+++ Material provided +++
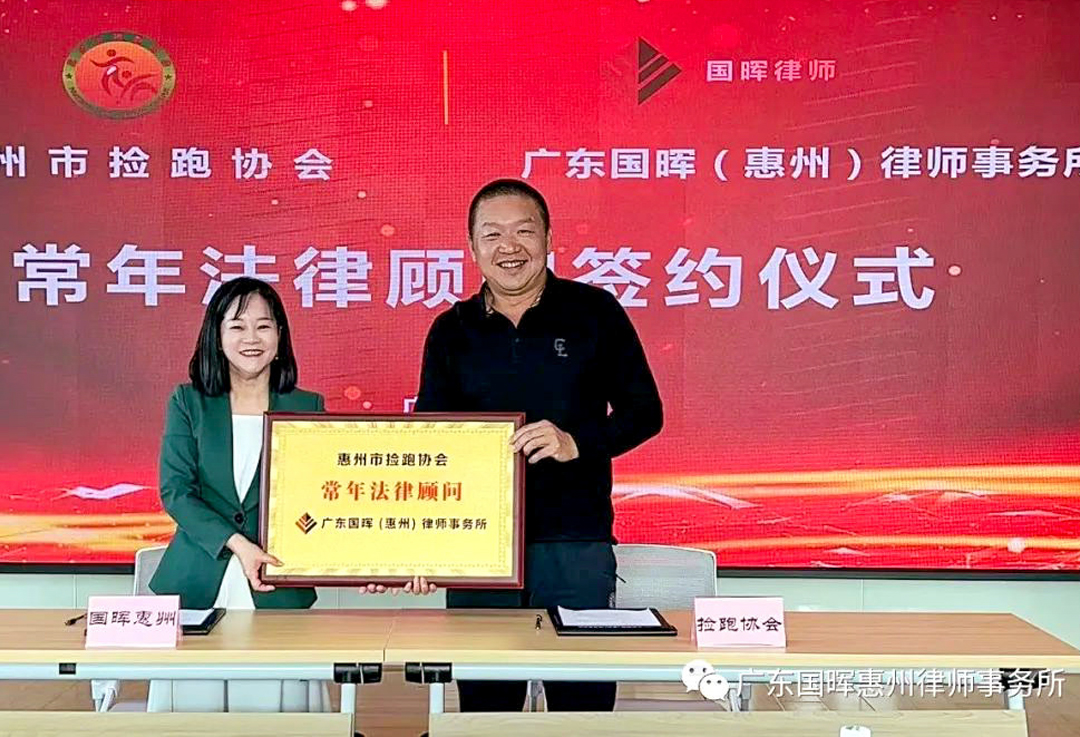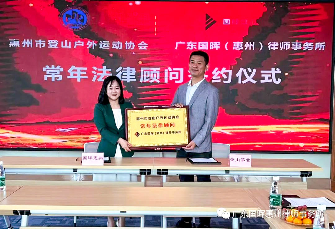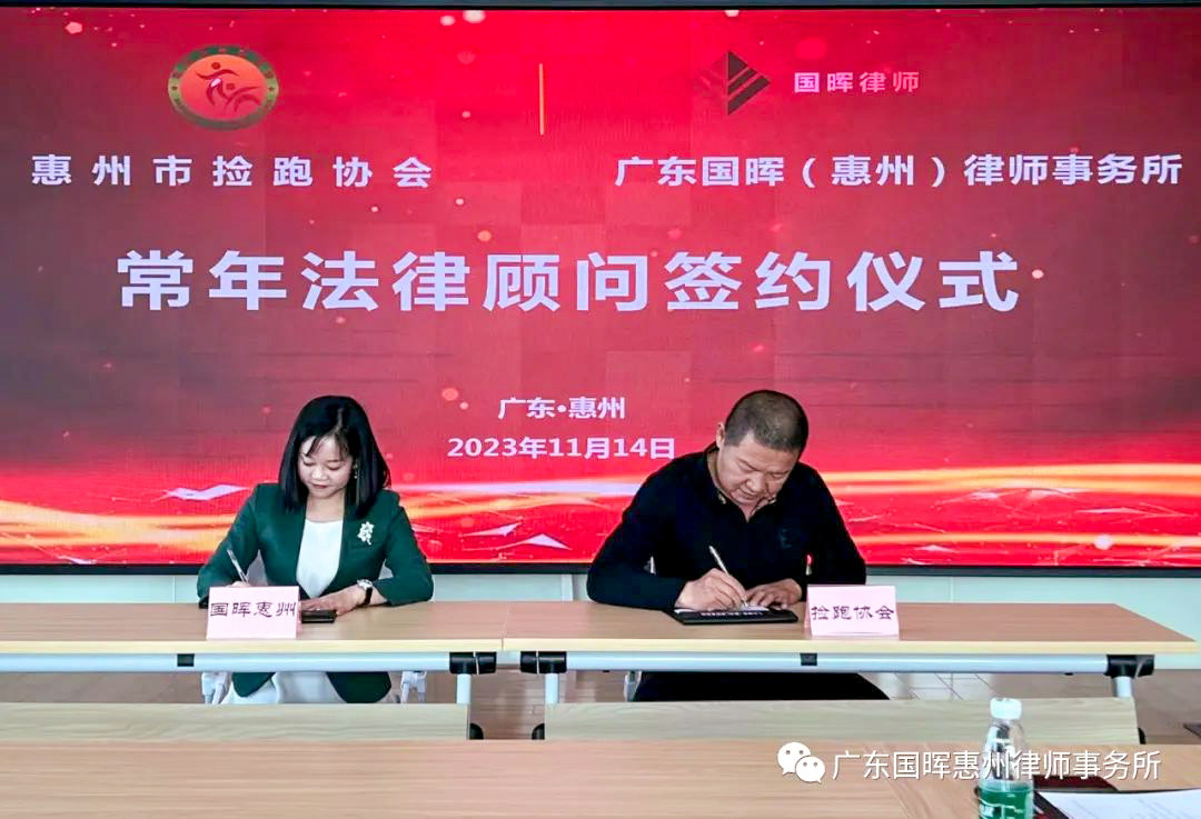 2023年11月14日,在秋风送爽的季节里,国晖(惠州)律师事务所携手惠州市登山户外运动协会、惠州市捡跑协会,在律所内举办了常年法律顾问签约仪式。
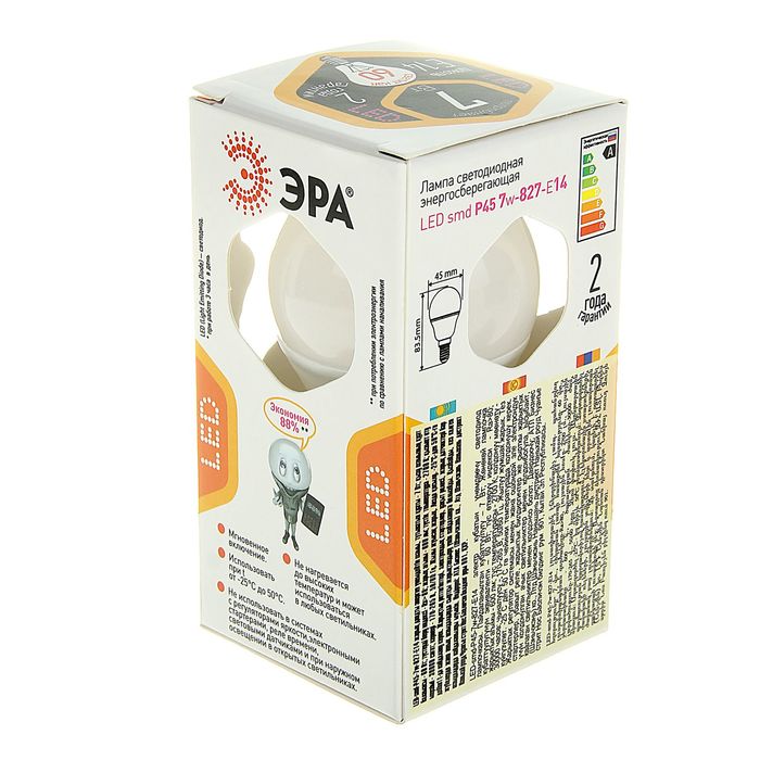 Лампа светодиодная ЭРА, P45, 7 Вт, 2700 К, E14
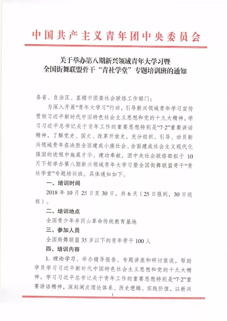 2018年10月25日至30日,为深入开展“青年大学习”行动,引导新兴领域青年学习宣传贯彻习近平新时代中国特色社会主义思想和党的十九大精神,学习习近平总书记关于青年工作的重要思想特别是“7·2”重要讲话精神,了解党史、国史、改革开放史,充分组织、引导、动员新兴领域青年在决胜全面建成小康社会、全面建成社会主义现代化强国的进程中施展才华、建功奉献,团中央社会联络部将在全国青少年井冈山革命传统教育基地举办——第八期新兴领域青年大学习暨全国街舞联盟骨干“青社学堂”专题培训班。
+++
[Assignment]
At the line containing "Лампа светодиодная ЭРА, P45, 7", start reproducing exactly, and stop after the last line of the listing; include both ends, and leave the pictures out.

[Your response]
 Лампа светодиодная ЭРА, P45, 7 Вт, 2700 К, E14
 2018年10月25日至30日,为深入开展“青年大学习”行动,引导新兴领域青年学习宣传贯彻习近平新时代中国特色社会主义思想和党的十九大精神,学习习近平总书记关于青年工作的重要思想特别是“7·2”重要讲话精神,了解党史、国史、改革开放史,充分组织、引导、动员新兴领域青年在决胜全面建成小康社会、全面建成社会主义现代化强国的进程中施展才华、建功奉献,团中央社会联络部将在全国青少年井冈山革命传统教育基地举办——第八期新兴领域青年大学习暨全国街舞联盟骨干“青社学堂”专题培训班。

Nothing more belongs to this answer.